A’Tempting’ Tuesday: I’m fessing up

I am putting on my big girl Tiara and fessing up.  I’ve lied.  Sort of.  In an earlier post I believe I said I rarely, if ever use cake mixes.  I don’t to make cakes.  However, cookies are a different story.  One of my favorite cookie bar recipes starts with a yellow cake mix.

As I said last week, my son and I are settling into a new routine and I haven’t tried many new recipes in the last couple of weeks.  We’ve been knee-deep in baseball practice and I’ve been just a little lazy.  Quite honestly, my son’s picky, 11-year-old taste buds are quite happy with frozen chicken nuggets or a quick homemade pizza.  So today, for lack of anything new or earth shattering to share, I thought I’d post one of my oldies but goodies.

This recipe for Butterscotch Cashew Scotchies came from one of my favorite cookbooks — The Cake Mix Doctor.  Since I am already married and so is “The Cake Boss,” I think I want to be the author of this book, Anne Byrn, when I grow up.   Why didn’t I come up with this??  I have had this book in my collection for years and can’t remember if I got it as a gift or received it as a review copy years ago.  Either way, I’ve had it a long time so I looked it up to see if it is still available.  It is, along with several other versions of this book by the same author.  I may have to invest in The Cake Mix Doctor Returns or one of the other publications.  There’s a gluten-free Cake Doctor and even a Dinner Doctor, among several others.  I want them all.   As a bonus, she even has a website (linked above) full of recipes and wonderful tidbits.  I don’t know why I never thought to look it up before.

Here’s a link to The Cake Mix Doctor on Amazon.com.

This recipe for Butterscotch Cashew Scotchies  can be made with either butterscotch chips or chocolate chips.  Of course, I have always chosen the latter.  Come on y’all. If chocolate is one of your choices, is there another option?

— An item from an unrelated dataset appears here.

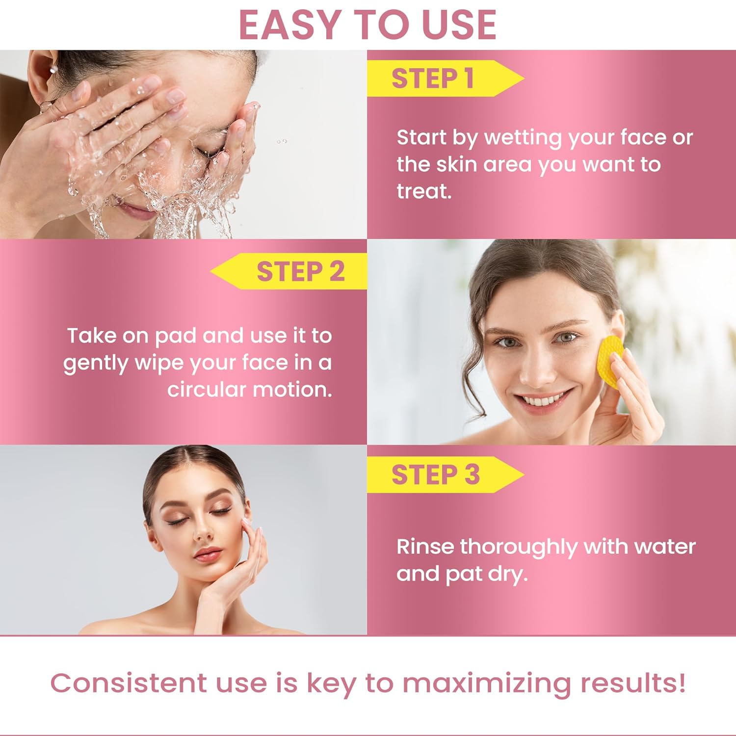 - CRAFTED WITH NATURAL BOTANICALS like aloe vera, turmeric, and kojic, each pad is made to nourish and revitalize your skin with effective, plant-powered ingredients.

The recipe combines a cake mix, cashews, brown sugar and butterscotch or chocolate chips to make a wonderful bar cookie that is neither too gooey or crumbly.  It’s just right.  Again, this recipe came straight out of  The Cake Mix Doctor cookbook.  I cannot claim it as my own.  And, to my friends who often request this cookie, you now know my secret!  I have probably misled you, but I was so enjoying basking in  the “glory” and praise I received when I made these.  But now, we’ll move on.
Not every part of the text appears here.